◆ **Activity**
Keep the images out while you retype all of the data exactly.

--- Provided data Enclosed Below ---

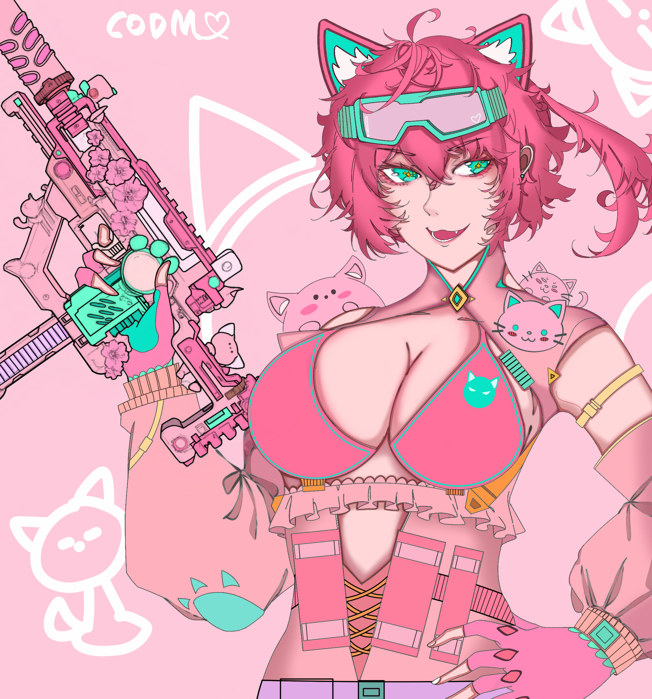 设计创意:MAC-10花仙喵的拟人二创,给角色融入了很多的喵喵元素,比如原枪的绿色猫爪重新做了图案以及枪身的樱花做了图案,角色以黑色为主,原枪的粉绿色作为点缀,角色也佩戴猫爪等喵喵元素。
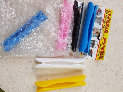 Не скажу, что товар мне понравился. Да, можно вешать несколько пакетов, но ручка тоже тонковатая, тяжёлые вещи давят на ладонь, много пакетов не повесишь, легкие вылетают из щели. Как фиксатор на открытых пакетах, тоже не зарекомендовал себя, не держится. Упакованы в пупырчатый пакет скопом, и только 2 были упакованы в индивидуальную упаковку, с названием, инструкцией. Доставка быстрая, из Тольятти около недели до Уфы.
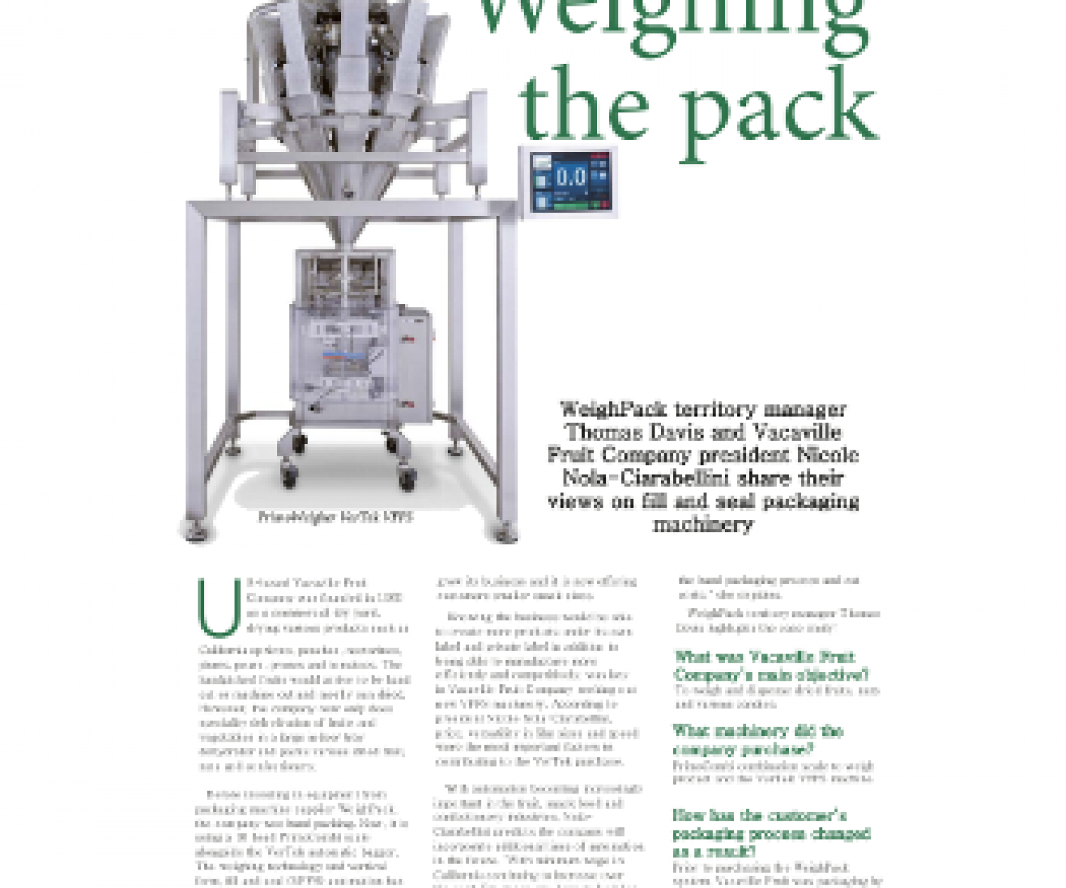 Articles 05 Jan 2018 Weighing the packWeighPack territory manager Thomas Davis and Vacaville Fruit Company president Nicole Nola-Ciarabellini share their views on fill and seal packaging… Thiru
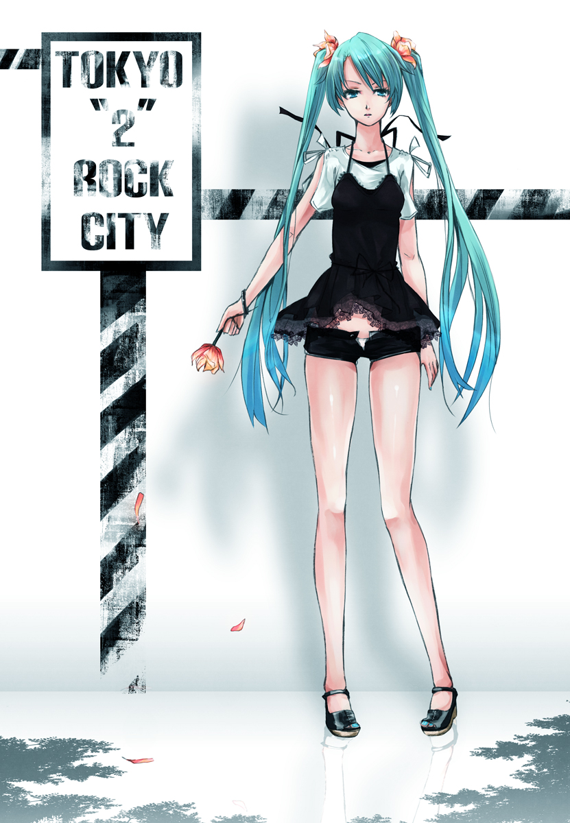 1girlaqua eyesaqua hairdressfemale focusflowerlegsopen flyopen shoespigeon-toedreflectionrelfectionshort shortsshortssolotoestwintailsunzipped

--- End of Enclosed Provided data ---

◆ **Your response**
 设计创意:MAC-10花仙喵的拟人二创,给角色融入了很多的喵喵元素,比如原枪的绿色猫爪重新做了图案以及枪身的樱花做了图案,角色以黑色为主,原枪的粉绿色作为点缀,角色也佩戴猫爪等喵喵元素。
 Не скажу, что товар мне понравился. Да, можно вешать несколько пакетов, но ручка тоже тонковатая, тяжёлые вещи давят на ладонь, много пакетов не повесишь, легкие вылетают из щели. Как фиксатор на открытых пакетах, тоже не зарекомендовал себя, не держится. Упакованы в пупырчатый пакет скопом, и только 2 были упакованы в индивидуальную упаковку, с названием, инструкцией. Доставка быстрая, из Тольятти около недели до Уфы.
 Articles 05 Jan 2018 Weighing the packWeighPack territory manager Thomas Davis and Vacaville Fruit Company president Nicole Nola-Ciarabellini share their views on fill and seal packaging… Thiru
 1girlaqua eyesaqua hairdressfemale focusflowerlegsopen flyopen shoespigeon-toedreflectionrelfectionshort shortsshortssolotoestwintailsunzipped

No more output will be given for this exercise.